In [1]:
import math
import random
import numpy as np
import pandas as pd
import nltk
import codecs
nltk.data.path.append('.')

In [2]:
with codecs.open("fiction.tokenized.shuffled.txt", "r",  "utf_8_sig") as f:
    data = f.read()
print("Data type:", type(data))
print("Number of letters:", len(data))
print("First 300 letters of the data")
print("-------")
display(data[0:300])
print("-------")

print("Last 300 letters of the data")
print("-------")
display(data[-300:])
print("-------")

Data type: <class 'str'>
Number of letters: 108768304
First 300 letters of the data
-------


"Отож всі й поспішають захопити в м'якому\nТак\nЖах не випускав їх з своїх пазурів ані на мить\nЯкось ще в сьомому класі були вони разом на дитячому сеансі в кіно і тоді Віталієві випало сидіти поруч із Тонею коли загасили світло вона сиділа незвично притихла й здається не дихала а тоді вже коли фільм і"

-------
Last 300 letters of the data
-------


'е дусі\nВін готував бомбу\nЕ що там врешті сон\nА може\nВ цей час тихо по-злодійськи відчинилися двері і в землянку навшпиньках увійшов Безбородько\nТарас прийшов як тільки стало темніти\nПостукаєте тричі в бічні двері лівого крила\nНу а ти ж звернувся до Оксена Ягнич колинебудь хоч ногою на палубу ступав\n'

-------


In [3]:
def split_to_sentences(data):

    sentences = data.split('\n')
   
    sentences = [s.strip() for s in sentences]
    sentences = [s for s in sentences if len(s) > 0]
    
    return sentences    

In [4]:
# test your code
x = """
Я маю ручку.\nЯ маю яблуко. \nAh\nЯблуко ручка.\n
"""
print(x)

split_to_sentences(x)


Я маю ручку.
Я маю яблуко. 
Ah
Яблуко ручка.




['Я маю ручку.', 'Я маю яблуко.', 'Ah', 'Яблуко ручка.']

In [5]:
def tokenize_sentences(sentences):
   
    tokenized_sentences = []

    for sentence in sentences:
        
        # Convert to lowercase letters
        sentence = sentence.lower()
        
        # Convert into a list of words
        tokenized = nltk.word_tokenize(sentence)
        
        # append the list of words to the list of lists
        tokenized_sentences.append(tokenized)
    
    
    return tokenized_sentences

In [6]:
sentences = ["Sky is blue.", "Leaves are green.", "Roses are red."]
tokenize_sentences(sentences)

[['sky', 'is', 'blue', '.'],
 ['leaves', 'are', 'green', '.'],
 ['roses', 'are', 'red', '.']]

In [7]:
def get_tokenized_data(data):
  
    sentences = split_to_sentences(data)
    
    # Get the list of lists of tokens by tokenizing the sentences
    tokenized_sentences = tokenize_sentences(sentences)
    
    
    return tokenized_sentences

In [8]:
x = "Небо зараз таке голубе.\nLeaves are green\nRoses are red."
get_tokenized_data(x)

[['небо', 'зараз', 'таке', 'голубе', '.'],
 ['leaves', 'are', 'green'],
 ['roses', 'are', 'red', '.']]

In [9]:
tokenized_data = get_tokenized_data(data)
random.seed(87)
random.shuffle(tokenized_data)

train_size = int(len(tokenized_data) * 0.8)
train_data = tokenized_data[0:train_size]
test_data = tokenized_data[train_size:]

In [10]:
print("{} data are split into {} train and {} test set".format(
    len(tokenized_data), len(train_data), len(test_data)))

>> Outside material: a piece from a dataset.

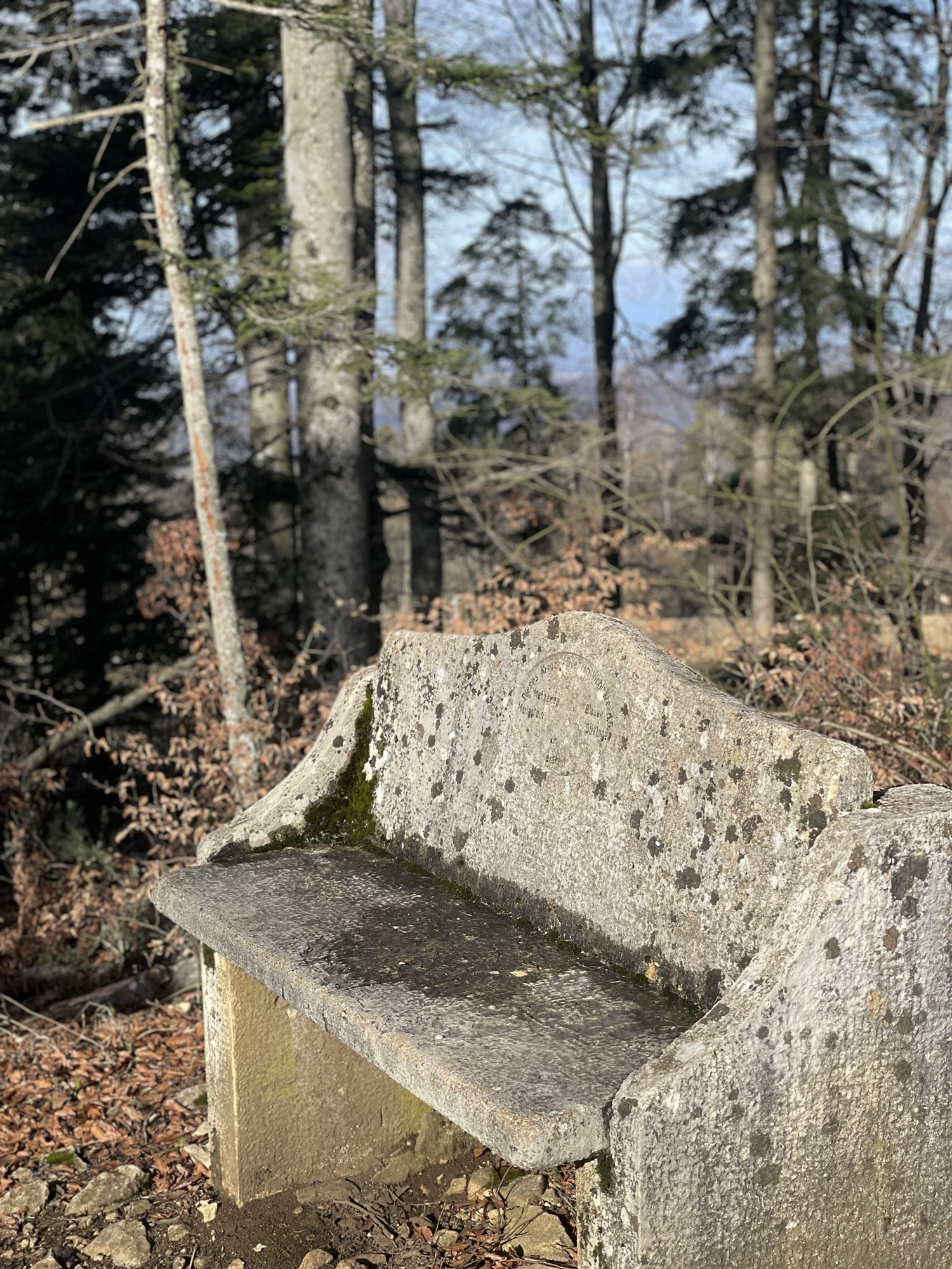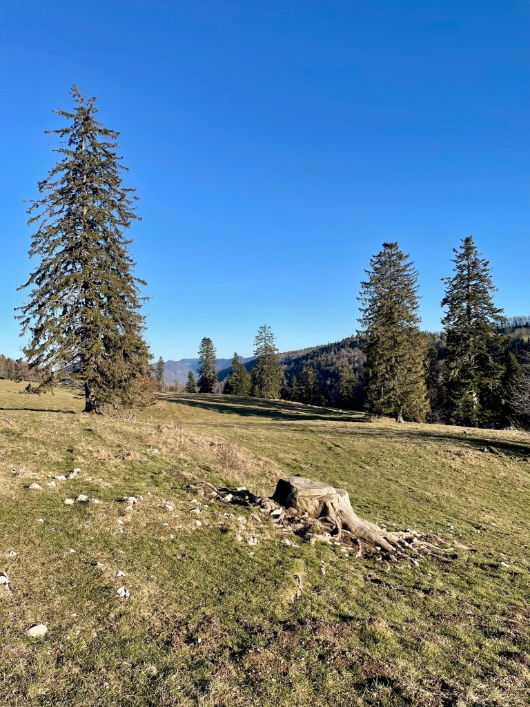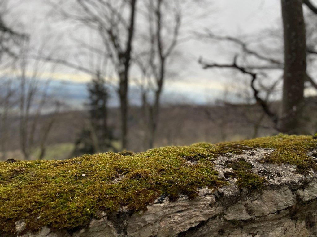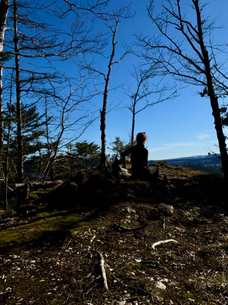 The light in Winter and early Spring is a different one I keep noticing; it is more ethereal than in Summer or Autumn. On this day, it almost felt, as if everything was wrapped in a thin blue veil. And yet the sun rays warmed my face, while the herbal tea warmed up my body. Eager to continue my hike along the ridge, I packed up my things and started walking with my poles frequently thumping against the many big roots that winded across the path.

print("First training sample:")
print(train_data[0])
      
print("First test sample")
print(test_data[0])

1811548 data are split into 1449238 train and 362310 test set
First training sample:
['у', 'світлиці', 'стало', 'видно', 'хоч', 'голки', 'збирай']
First test sample
['висока', 'на', 'зріст', 'рівна', 'станом', 'але', 'не', 'дуже', 'тонка', 'з', 'кремезними', 'ногами', 'з', 'рукавами', 'позакачуваними', 'по', 'лікті', 'з', 'чорними', 'косами', 'вона', 'була', 'ніби', 'намальована', 'на', 'білій', 'стіні']


In [11]:
def count_words(tokenized_sentences):
          
    word_counts = {}
   
    for sentence in tokenized_sentences: 
        
        for token in sentence: 
            if token not in word_counts:
                word_counts[token] = 1
            
            else:
                word_counts[token] += 1
    
    return word_counts

In [12]:
tokenized_sentences = [['sky', 'is', 'blue', '.'],
                       ['leaves', 'are', 'green', '.'],
                       ['roses', 'are', 'red', '.']]
count_words(tokenized_sentences)

{'sky': 1,
 'is': 1,
 'blue': 1,
 '.': 3,
 'leaves': 1,
 'are': 2,
 'green': 1,
 'roses': 1,
 'red': 1}

In [13]:
def get_words_with_nplus_frequency(tokenized_sentences, count_threshold):
    
    closed_vocab = []
    
    word_counts = count_words(tokenized_sentences)
    
    for word, cnt in word_counts.items(): 
        
        if cnt >= count_threshold:
        
            closed_vocab.append(word)
    
    return closed_vocab

In [14]:
tokenized_sentences = [['sky', 'is', 'blue', '.'],
                       ['leaves', 'are', 'green', '.'],
                       ['roses', 'are', 'red', '.']]
tmp_closed_vocab = get_words_with_nplus_frequency(tokenized_sentences, count_threshold=2)
print(f"Closed vocabulary:")
print(tmp_closed_vocab)

Closed vocabulary:
['.', 'are']


In [15]:
def replace_oov_words_by_unk(tokenized_sentences, vocabulary, unknown_token="<unk>"):

    vocabulary = set(vocabulary)
    
    replaced_tokenized_sentences = []

    for sentence in tokenized_sentences:
       
        replaced_sentence = []
       
        for token in sentence: 
            
            if token in vocabulary: 
                replaced_sentence.append(token)
            else:
                replaced_sentence.append(unknown_token)        
        replaced_tokenized_sentences.append(replaced_sentence)
        
    return replaced_tokenized_sentences

In [16]:
tokenized_sentences = [["dogs", "run"], ["cats", "sleep"]]
vocabulary = ["dogs", "sleep"]
tmp_replaced_tokenized_sentences = replace_oov_words_by_unk(tokenized_sentences, vocabulary)
print(f"Original sentence:")
print(tokenized_sentences)
print(f"tokenized_sentences with less frequent words converted to '<unk>':")
print(tmp_replaced_tokenized_sentences)

Original sentence:
[['dogs', 'run'], ['cats', 'sleep']]
tokenized_sentences with less frequent words converted to '<unk>':
[['dogs', '<unk>'], ['<unk>', 'sleep']]


In [17]:
def preprocess_data(train_data, test_data, count_threshold):
    
    vocabulary = get_words_with_nplus_frequency(train_data, count_threshold)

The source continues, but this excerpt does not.